Petrological and geochemical constraints on the evolution of late Pan-African Bakriya post-orogenic ring complex, Central Eastern Desert, Egypt

摘要

The post-orogenic Bakriya ring complex (BRC) consists of older diorite rocks in the middle part of the complex, outer syenogranite and a central subsolvus alkali feldspar granite. The latter constitutes a major part of the complex and was emplaced during cauldron subsidence. The mineralogical composition of the rock types of the BRC indicate their crystallization under variable water pressures suggesting their emplacement at different levels within the Earth's crust. Field relationships and element patterns of the rocks of the Bakriya ring complex reveal an evolution in two suites, namely: a diorite-syenogranite suite and alkali feldspar granite suite, both with several pulses of emplacement. The diorite rocks of the BRC are metaluminous and exhibit geochemical features of calc-alkaline magmatism. The syenogranite and alkali feldspar granite exhibit alkaline and peralkaline affinity, respectively. The syenogranite and alkali feldspar granite have geochemical characteristics of highly fractionated A-type post-orogenic magmatism such as high total alkalis, Nb, Zr andY contents with concomitant low values of Mg, Ca and Sr.
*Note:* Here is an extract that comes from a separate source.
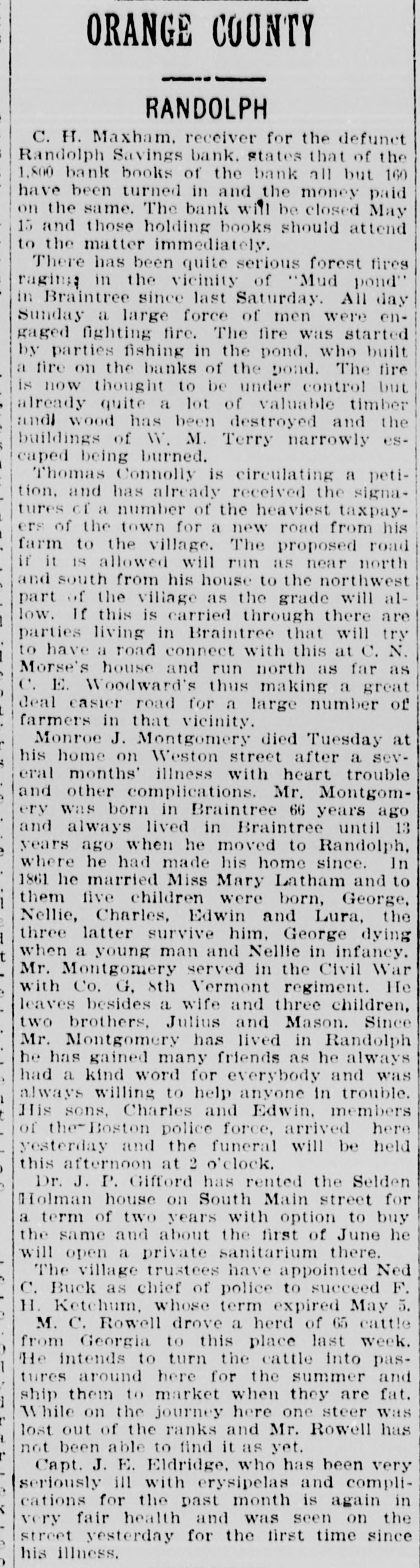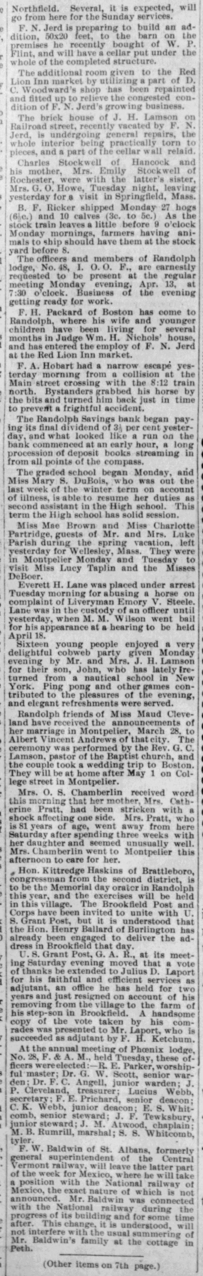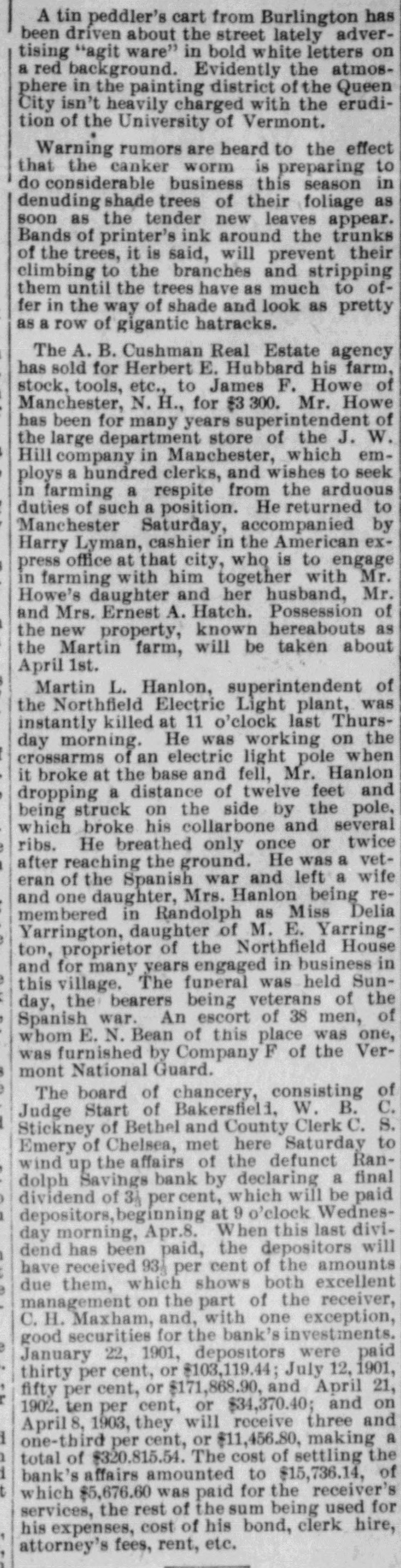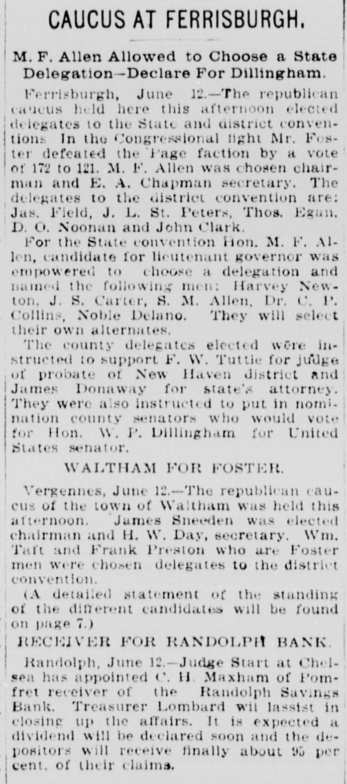 DOORS CLOSED Randolph Savings Bank Enjoined by Judge Start VERY SMALL LOSS Depositors Will Lose but Lit= tle. Will Probably Pay 90 to 95 per cent. (Special to TELEGRAM.) Randolph, June 11.-This town was startled Saturday afternoon to learn that on application made by F. S. Platt, state inspector of finance, the Randolph Savings bank had been enjoined and its doors closed. IIe made the usual annual examination May 18, and said he would come back in a week or ten days and look into some western securities again, but gave none of the trustees to understand that he contemplated closing the bank. He came Friday and made a very careful examination and at noon informed the trustees that he should close the bank, and showed them the papers all prepared to lay before Judge Start at Chelsea. It was a great surprise to the officers of the bank. His estimates submitted to the trustees indicated a shrinkage of between $12,000 and $14,000, or 5 per cent of the deposits, and under the law there is no alternative but to appoint a receiver, consequently the doors of the bank were closed Saturday and the selection of a receiver is being considered. The bank was established January 24. 1889, and has been noted for its safe and conservative investments. Its failure is a shock to the town, a majority of whose families are involved. The officers and trustees are Hon. James Hutchinson, president; Judge William Nichols, vice president: B. T. Lombard, treasurer: M. M. Wilson, A. G. Wheeler, M. A. Tewksbury, G. L. Martin. V. 1. Spear, W. E. Lamson, trustees. The hopefulness of depositors shows confidence in the management, and the general belief seems to be that eventually the depositors will sustain only tritling losses. Had the inspector been willing to withhold the proceedings a few days a guarantee sufficient to more than make up the estimated shrinkage could easily have been raised as many leading business men immediately and voluntarily offered to do this, and there is considerable feeling in the town over his action, which is, to put it mildly characterized as hasty. The last published statement was made June 30, 1899 by the inspector, and hisannual report as follows:

The fractionated REF patterns of the diorite-syenogranite suite have LREE-enrichment patterns {(La/Sm)_n = 3.1 and 4.2, on average, respectively I with slightly flat HREE segment {(Gd/Lu)_n = 0.69 and 0.77, on average, respectively}. The HREE patterns of both diorite and syenogranite are characterised by slight negative Eu anomalies (Eu/Eu= 0.8 and 0.78, on average, respectively). Fractional crystallization has played an important role in the evolution of the diorite-syenogranite suite. The chemical variation of the diorite-syenogranite suite is likely to be attributed to plagioclase, K-feldspar, biotite, hornblende, apatite and titano - magnetite fractionation. The REE patterns of the alkali feldspar granite suite, on the other hand, are characterised by enrichment in HREE {(Gd/Lu)_n = 0.04-0.29} and strong negative Eu anomalies (Eu/Eu = 0.13-0.32) indicating a significant role of plagioclase fractional crystallization. The geochemical data suggest that the alkali feldspar granite has evolved by means of fractional crystallization through removal of K-feldspar, biotite, plagioclase, together with some accessories such as apatite and Fe-Ti oxide phases. From the HREE-enrichment in some samples of alkali feldspar granite it may be suggested that fluorine-complexes played some role during its evolution.